A machine-rendered reading of the paper's core claim, the machinery that carries it, and where it could break.

The paper introduces Extreme Weather Bench as an open-source benchmark suite designed to standardize evaluation of weather models on events that matter to the public. It supplies a fixed collection of case studies spanning different scales and weather types, along with observational data, impact-focused metrics, and code for running the tests. Current AI weather model assessments often rely on global averages or researcher-chosen examples, which makes fair comparisons difficult. A shared benchmark lets developers verify models against the same high-impact phenomena and track progress toward better real-world performance.

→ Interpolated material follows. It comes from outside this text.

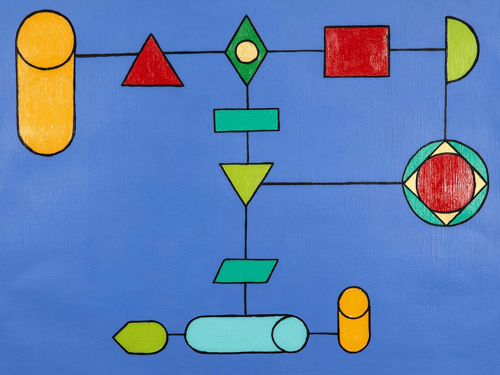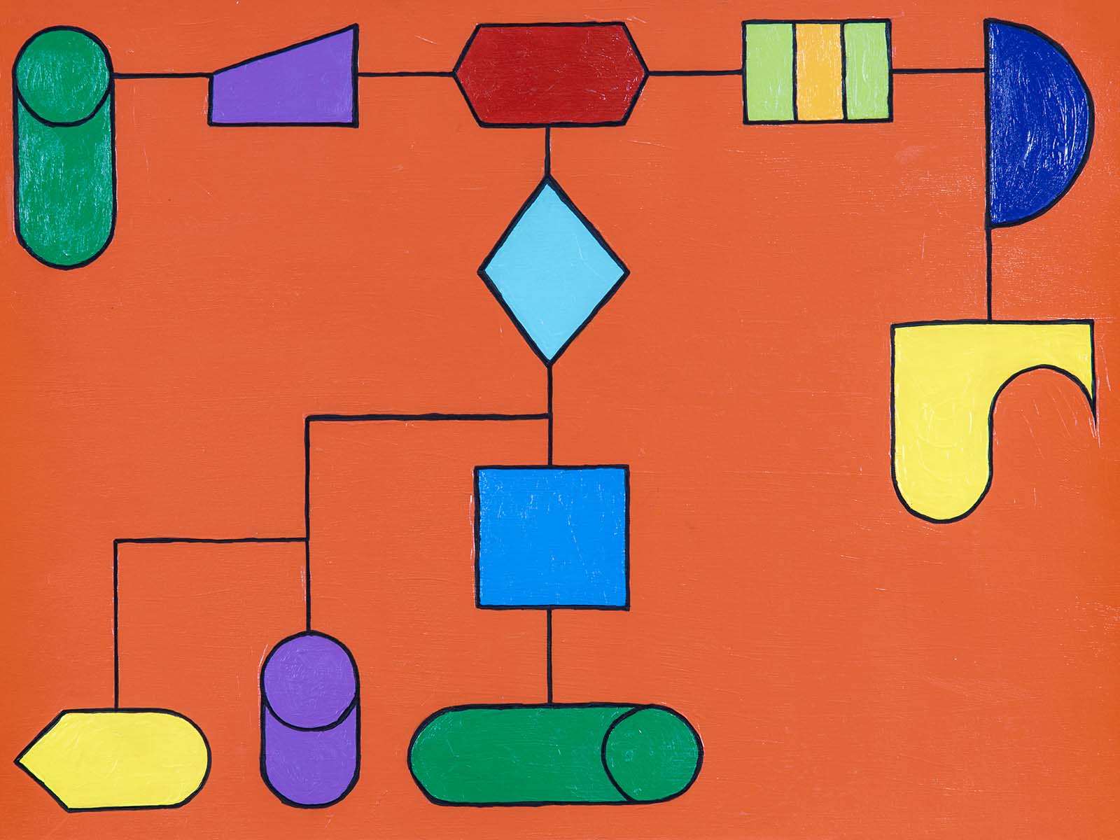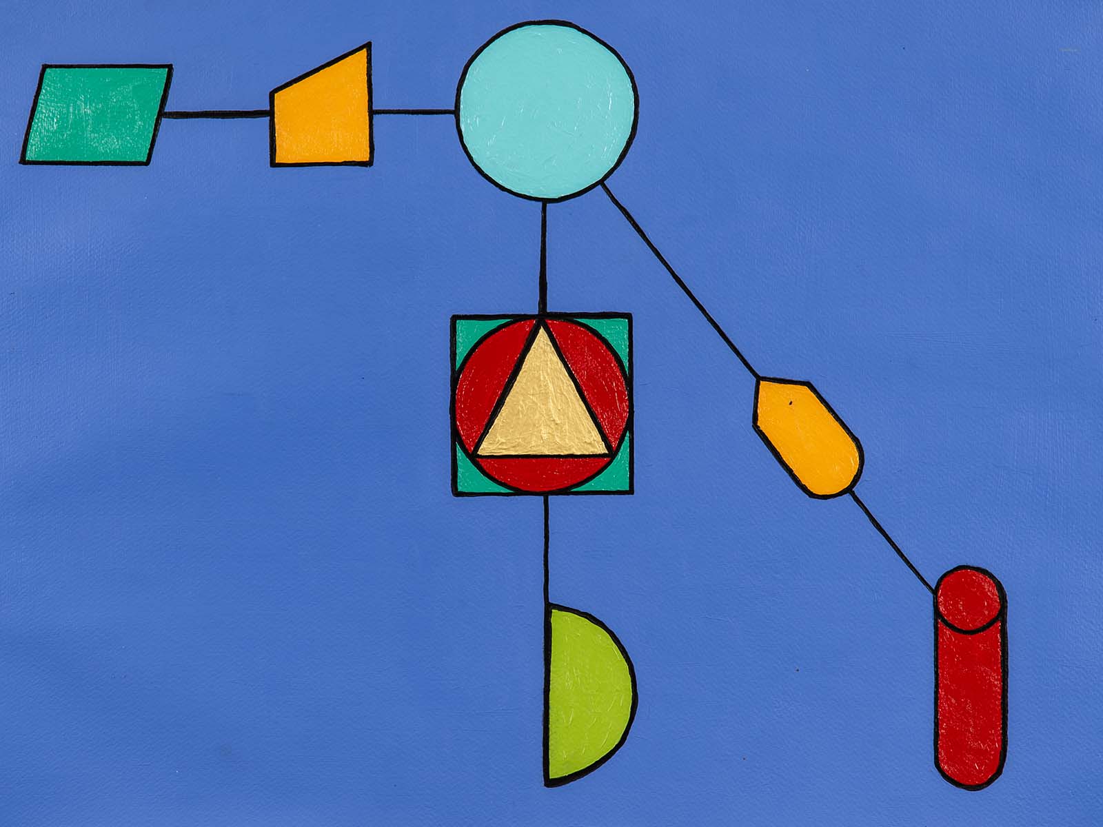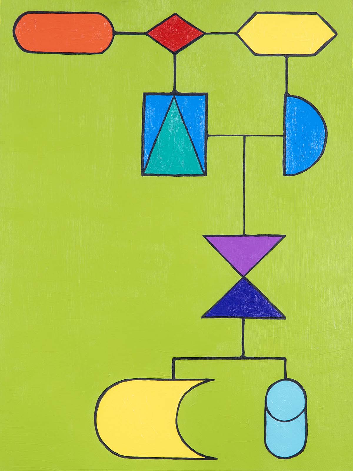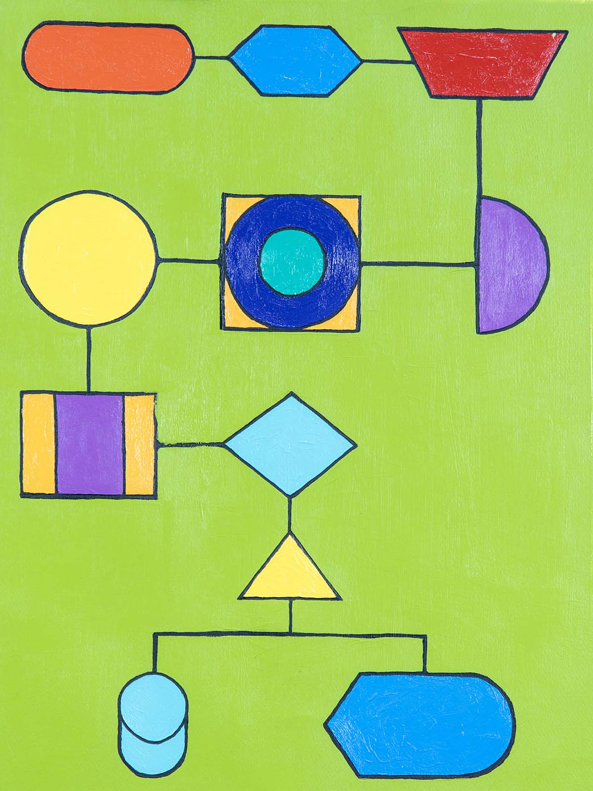 These paintings are all acrylic on paper 18″ x 24″. They were inspired by my continued meditation practice and how I was starting to see more distinct shapes and their connections with each and I began to interpret this as what a thought may look like.

The suite is intended to grow through community input and apply to both AI and traditional numerical weather prediction systems.

Core claim

Extreme Weather Bench is a community-driven framework that supplies a standard set of high-impact weather case studies across multiple spatial and temporal scales, paired with observational data, impact-based metrics, and open-source evaluation code. This setup allows direct verification of AI and NWP models on phenomena that affect people, enabling consistent comparisons across models and focusing development on events that carry real consequences rather than on global-scale statistics alone.

What carries the argument

The Extreme Weather Bench suite itself, which organizes case studies, data, metrics, and code into a reusable evaluation system.

If this is right

  • Models can be tested and ranked on identical high-impact events instead of researcher-selected examples.
  • Direct head-to-head comparisons become possible between AI weather models and traditional NWP systems.
  • Evaluation shifts from global error statistics toward metrics that reflect public impacts such as damage or disruption.
  • Open code and data lower the barrier for new groups to participate in model verification.
  • Ongoing community additions will expand coverage to more phenomena and regions over time.

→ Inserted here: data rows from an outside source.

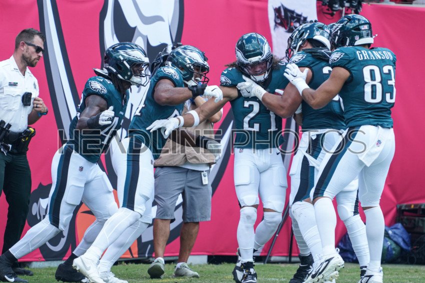 Tampa Bay, Florida, USA, September 28, 2025, Philadelphia Eagles safety Sydney Brown #21 with teammates celebrate a touchdown at Raymond James Stadium. (Photo Credit: Marty Jean-Louis)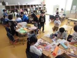 1年生活科では、秋の素材を使ったおもちゃ作りを行っています。作りたいもののグループに分かれ活動しています。また、金曜日には、収穫したさつまいもをふかして食しました。「おいしすぎて感想が言えない。」という子がいました。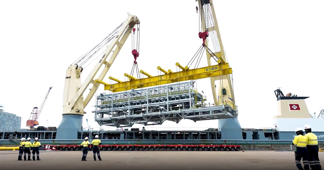 巨力索具主要負責該項目模塊的吊裝,分別提供了額定載荷為600T、300T、690T的吊框,吊裝能力為55T、75T、100T的卸扣及6種不同規(guī)格的無接頭繩圈,并提供專業(yè)吊裝方案,全程保障模塊吊裝的順利進行。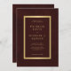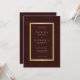 Simple classic modern jewel tone of deep red burgundy and gold frame minimalist typography wedding invitation on vintage style background. +++++++++++ The invite is suitable for an elegant classy formal autumn fall or winter wedding ceremony and reception.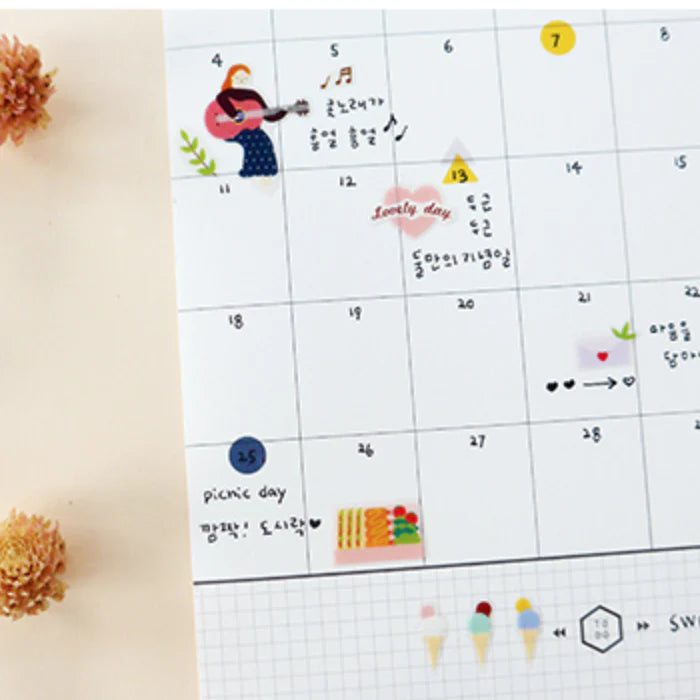 Suatelier is a Korean brand characterized by its fun, whimsical style. Its sticker designs are cute and unique, perfect for mark and decorate your calendar, planner, or journal.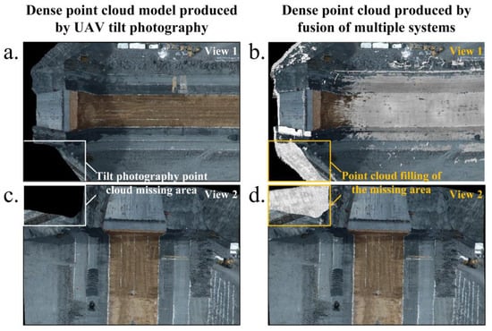 (a) Tilt photography point cloud under the top-down view along the dam axis; (b) fusion point cloud under the top-down view along the dam axis; (c) tilt photography point cloud under the 30-degree overhead view perpendicular to the dam axis; (d) fusion point cloud under the 30-degree overhead view perpendicular to the dam axis.

Where Pith is reading between the lines

These are editorial extensions of the paper, not claims the author makes directly.

  • Adoption of EWB could create a shared reference point similar to standard datasets in other AI domains, making it easier to measure genuine progress in weather prediction.
  • The benchmark may surface systematic weaknesses in current models for specific hazard types that global metrics currently obscure.
  • Integration with real-time forecast systems could turn the benchmark into a continuous monitoring tool rather than a one-time test set.
  • If the metrics prove predictive of operational value, they could influence how funding agencies and operational centers prioritize model development.

Load-bearing premise

The selected case studies and impact-based metrics represent the full range of high-impact weather events around the world and will produce model improvements that transfer to operational forecasting.

What would settle it

A set of models that perform well on the EWB cases but show no corresponding gains in real-world forecasts of high-impact events outside those cases, or a finding that the chosen cases miss major types of hazards experienced globally.

read the original abstract

Forecasting the wide variety of high-impact weather events experienced globally is a challenge for both Artificial Intelligence (AI) and Numerical Weather Prediction (NWP) models and it is critical that such models be properly verified before deployment. Although AI weather models are rapidly evolving, much of their evaluation is currently done either with a global-scale evaluation or by hand-picking a small number of case studies or a region. A widely-used open-source benchmark suite focusing on high-impact weather will help to drive the science forward for all scales of weather models, as it has for other AI fields. Here we introduce Extreme Weather Bench (EWB), a new community-driven benchmark suite that facilitates model validation and verification on a variety of high-impact hazards that matter to people around the globe. EWB provides a standard set of case studies (spanning across multiple spatial and temporal scales and different parts of the weather spectrum), observational data, impact-based metrics, and open-source code for users to evaluate their models. Verifying that a model works against a standard set of case studies, especially events that are high-impact for the general public, is a key piece of improving the trustworthiness of AI models. EWB will help to drive the science forward for all weather models, enabling true comparisons across models and evaluating models on specific high-impact phenomena through the use of case studies. EWB is a free open-source community-driven system and will continue to evolve to include additional phenomena, test cases and metrics in collaboration with the worldwide weather and forecast verification community.

Editorial analysis

A structured set of objections, weighed in public.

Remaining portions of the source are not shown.